**What you should do**
Exact reproduction is required for the lines below starting at the line with "肉や魚料理に添えるだけで、箸" and ending at the line with "by Mauro Giuliani", both included. No other lines, and no pictures.

**Information shown**
------------------------------

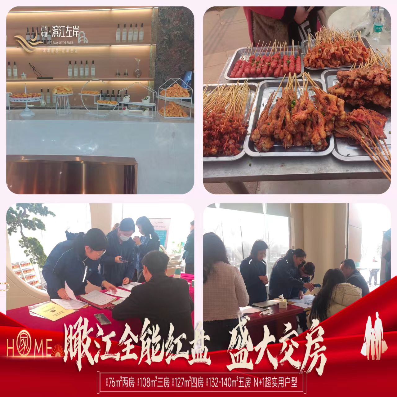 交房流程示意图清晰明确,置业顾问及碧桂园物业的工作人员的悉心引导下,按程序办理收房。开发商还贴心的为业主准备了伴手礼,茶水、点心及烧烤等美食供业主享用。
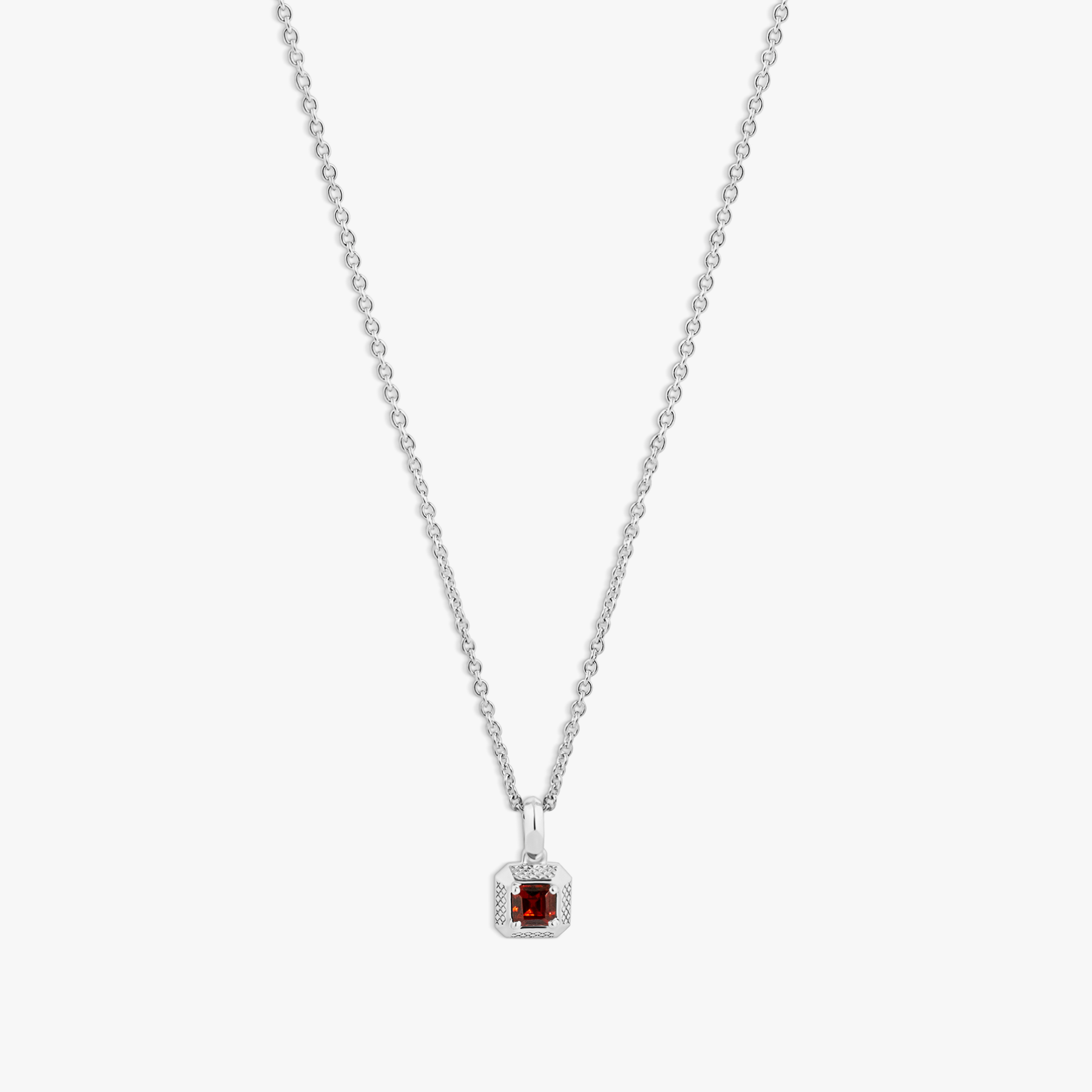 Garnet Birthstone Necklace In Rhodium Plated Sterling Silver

------------------------------

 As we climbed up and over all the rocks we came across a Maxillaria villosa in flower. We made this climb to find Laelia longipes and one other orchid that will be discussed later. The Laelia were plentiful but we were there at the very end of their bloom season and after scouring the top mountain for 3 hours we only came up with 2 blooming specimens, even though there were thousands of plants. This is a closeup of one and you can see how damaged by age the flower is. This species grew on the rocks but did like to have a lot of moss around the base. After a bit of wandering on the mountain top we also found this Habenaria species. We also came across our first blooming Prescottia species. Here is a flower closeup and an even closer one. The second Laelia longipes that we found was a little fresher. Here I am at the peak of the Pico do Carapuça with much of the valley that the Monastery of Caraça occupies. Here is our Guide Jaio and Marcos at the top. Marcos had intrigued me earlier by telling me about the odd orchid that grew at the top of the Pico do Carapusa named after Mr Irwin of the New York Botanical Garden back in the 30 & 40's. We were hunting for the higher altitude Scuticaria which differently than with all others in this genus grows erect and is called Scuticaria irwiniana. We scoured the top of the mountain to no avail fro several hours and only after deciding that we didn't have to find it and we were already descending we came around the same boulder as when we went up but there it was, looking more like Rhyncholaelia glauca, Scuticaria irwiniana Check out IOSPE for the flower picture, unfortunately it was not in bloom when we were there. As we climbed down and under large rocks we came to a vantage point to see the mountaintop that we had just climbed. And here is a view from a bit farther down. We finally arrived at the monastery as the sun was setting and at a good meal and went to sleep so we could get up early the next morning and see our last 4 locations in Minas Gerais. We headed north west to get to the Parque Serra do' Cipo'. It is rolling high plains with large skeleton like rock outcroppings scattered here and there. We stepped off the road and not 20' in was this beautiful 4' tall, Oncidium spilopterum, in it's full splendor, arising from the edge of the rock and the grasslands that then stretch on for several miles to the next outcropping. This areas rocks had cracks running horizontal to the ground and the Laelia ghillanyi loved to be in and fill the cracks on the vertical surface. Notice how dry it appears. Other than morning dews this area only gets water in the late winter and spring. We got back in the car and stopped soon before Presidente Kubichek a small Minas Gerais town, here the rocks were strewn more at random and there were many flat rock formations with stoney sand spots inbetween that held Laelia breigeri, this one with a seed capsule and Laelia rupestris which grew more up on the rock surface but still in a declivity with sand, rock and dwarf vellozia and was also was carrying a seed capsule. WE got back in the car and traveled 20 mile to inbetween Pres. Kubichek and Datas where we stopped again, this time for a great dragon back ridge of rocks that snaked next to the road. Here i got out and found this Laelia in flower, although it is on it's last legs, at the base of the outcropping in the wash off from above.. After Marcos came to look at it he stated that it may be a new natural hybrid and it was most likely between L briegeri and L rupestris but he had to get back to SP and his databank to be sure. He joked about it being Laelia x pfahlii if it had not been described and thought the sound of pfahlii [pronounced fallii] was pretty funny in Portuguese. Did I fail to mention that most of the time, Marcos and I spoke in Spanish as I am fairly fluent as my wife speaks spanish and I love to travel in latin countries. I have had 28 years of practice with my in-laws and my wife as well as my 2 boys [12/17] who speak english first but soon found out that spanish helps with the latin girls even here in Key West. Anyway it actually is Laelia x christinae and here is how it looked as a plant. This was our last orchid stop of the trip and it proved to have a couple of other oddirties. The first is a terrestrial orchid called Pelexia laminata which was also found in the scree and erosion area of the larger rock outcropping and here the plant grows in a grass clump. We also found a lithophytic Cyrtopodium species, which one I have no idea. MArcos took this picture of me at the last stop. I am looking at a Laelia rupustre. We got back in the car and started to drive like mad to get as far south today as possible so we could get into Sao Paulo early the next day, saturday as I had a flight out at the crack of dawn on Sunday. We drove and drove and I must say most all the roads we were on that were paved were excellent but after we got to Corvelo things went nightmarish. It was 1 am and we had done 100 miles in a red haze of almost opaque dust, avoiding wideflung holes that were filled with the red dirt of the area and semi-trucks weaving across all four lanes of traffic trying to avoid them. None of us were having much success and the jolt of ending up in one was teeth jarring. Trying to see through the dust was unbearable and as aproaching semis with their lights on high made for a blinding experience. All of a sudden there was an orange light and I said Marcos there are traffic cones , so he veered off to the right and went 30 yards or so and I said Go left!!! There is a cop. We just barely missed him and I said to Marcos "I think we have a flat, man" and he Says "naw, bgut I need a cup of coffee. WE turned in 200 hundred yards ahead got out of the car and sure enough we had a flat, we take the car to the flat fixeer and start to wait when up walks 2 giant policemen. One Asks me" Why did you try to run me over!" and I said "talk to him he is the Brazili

------------------------------

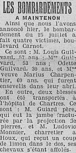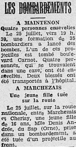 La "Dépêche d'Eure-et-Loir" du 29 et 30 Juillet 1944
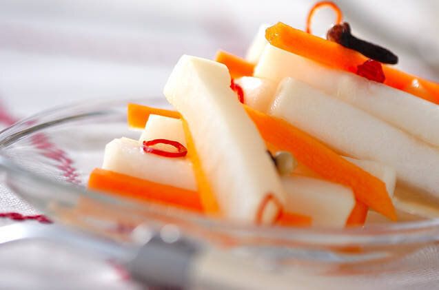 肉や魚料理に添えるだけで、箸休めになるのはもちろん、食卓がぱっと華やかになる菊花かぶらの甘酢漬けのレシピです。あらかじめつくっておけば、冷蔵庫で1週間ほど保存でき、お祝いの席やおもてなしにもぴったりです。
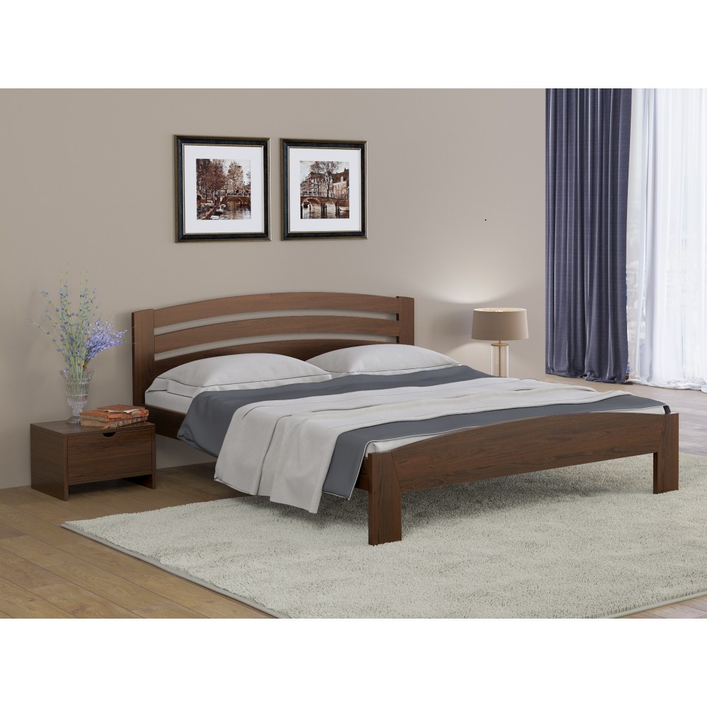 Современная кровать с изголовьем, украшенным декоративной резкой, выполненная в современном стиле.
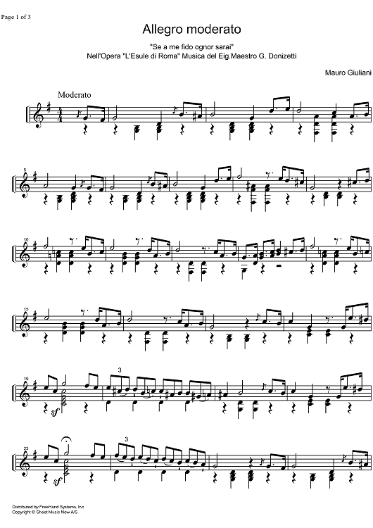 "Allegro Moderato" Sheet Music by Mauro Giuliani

------------------------------

**Written answer**
 肉や魚料理に添えるだけで、箸休めになるのはもちろん、食卓がぱっと華やかになる菊花かぶらの甘酢漬けのレシピです。あらかじめつくっておけば、冷蔵庫で1週間ほど保存でき、お祝いの席やおもてなしにもぴったりです。
 Современная кровать с изголовьем, украшенным декоративной резкой, выполненная в современном стиле.
 "Allegro Moderato" Sheet Music by Mauro Giuliani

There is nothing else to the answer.